Millet İttifakı adayı Ekrem İmamoğlu, YSK’nın iptal kararı sonrası yenilediği İstanbul 23 Haziran seçimlerinde Cumhur İttifakı adayı Binali Yıldırım’ı  800 bin oy farkla geçerek İstanbul Büyükşehir Belediye Başkanı seçildi.

İstanbul’da 25 yıl sonra ortaya çıkan bu tablonun sonuçları konuşulmaya ve tartışılmaya devam ediyor. Seçim sonuçlarını değerlendiren “Mahalledeki AKP” kitabının yazarı sosyolog Sevinç Doğan, ilk süreçte insanların krizin sorumluluğunu ve sonuçlarını iktidara bağlamadıklarını ancak zaman geçtikçe ekonomik sorunların çözülmesine dair gerçek niyet ve somut adımlar görmedikleri için kendi iktidarını ve koltuğunu korumayı düşünen, kendi sermaye çevresiyle işleri çekip çevirmeye çalışan bir yapı gördüklerini ifade ediyor. Doğan buradan hareketle, Üsküdar’da konuştuğu bir AKP seçmeninin söylediğini aktararak anlatıyor: “Bir işportacı ‘AK Parti döneminde zengin daha zengin fakir daha fakir oldu, yalan yok” diyordu.

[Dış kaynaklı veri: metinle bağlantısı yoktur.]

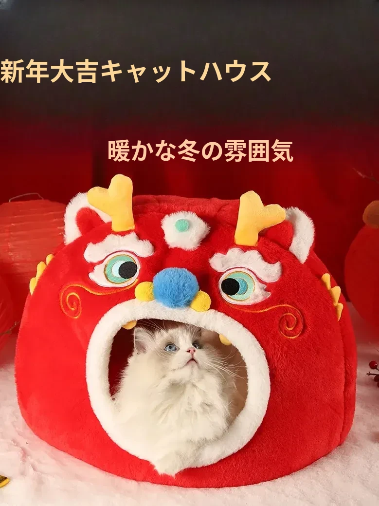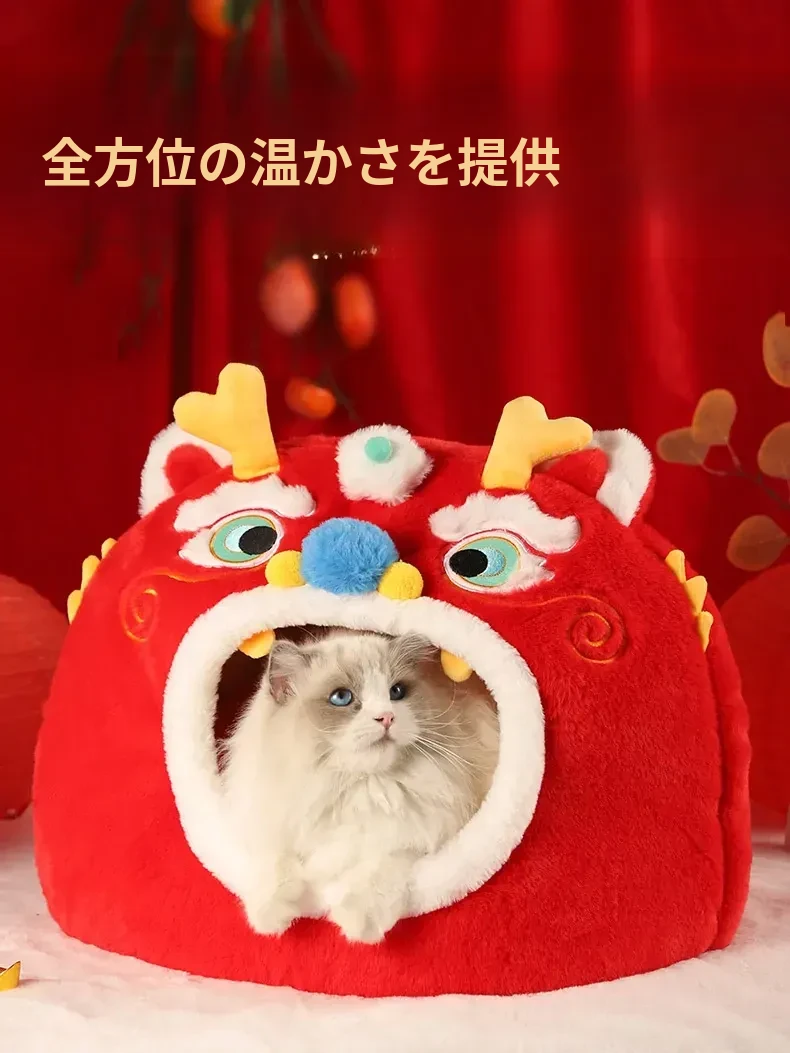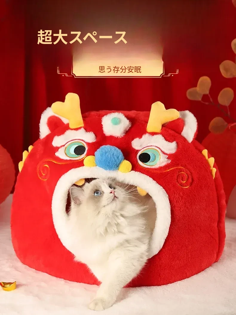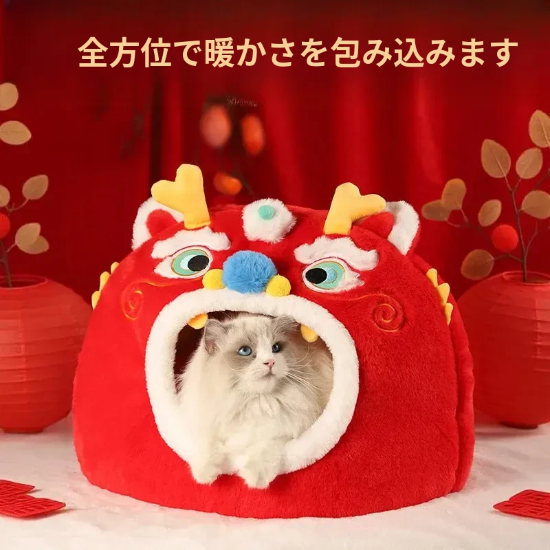新年限定!暖かい冬の猫の隠れ家 - 四季兼用の快適な猫ベッド、愛猫を包み込む封閉式デザインで、寒い冬でも安心してぐっすり眠れます!

23 Haziran seçim sonuçlarını, AKP’nin elinde bulunan ilçelerde Millet İttifakı adayı Ekrem İmamoğlu’nun zaferle çıkmasının nedenlerini, Kürt seçmenin tavrını, MHP ile CHP arasındaki oy geçişindeki faktörleri “Mahalledeki AKP, Parti işleyiş, taban mobilizasyonu ve siyasa yabancılaşma” kitabının yazarı sosyolog Sevinç Doğan ile   Artı Gerçek'ten Rıfat DOĞAN konuştu.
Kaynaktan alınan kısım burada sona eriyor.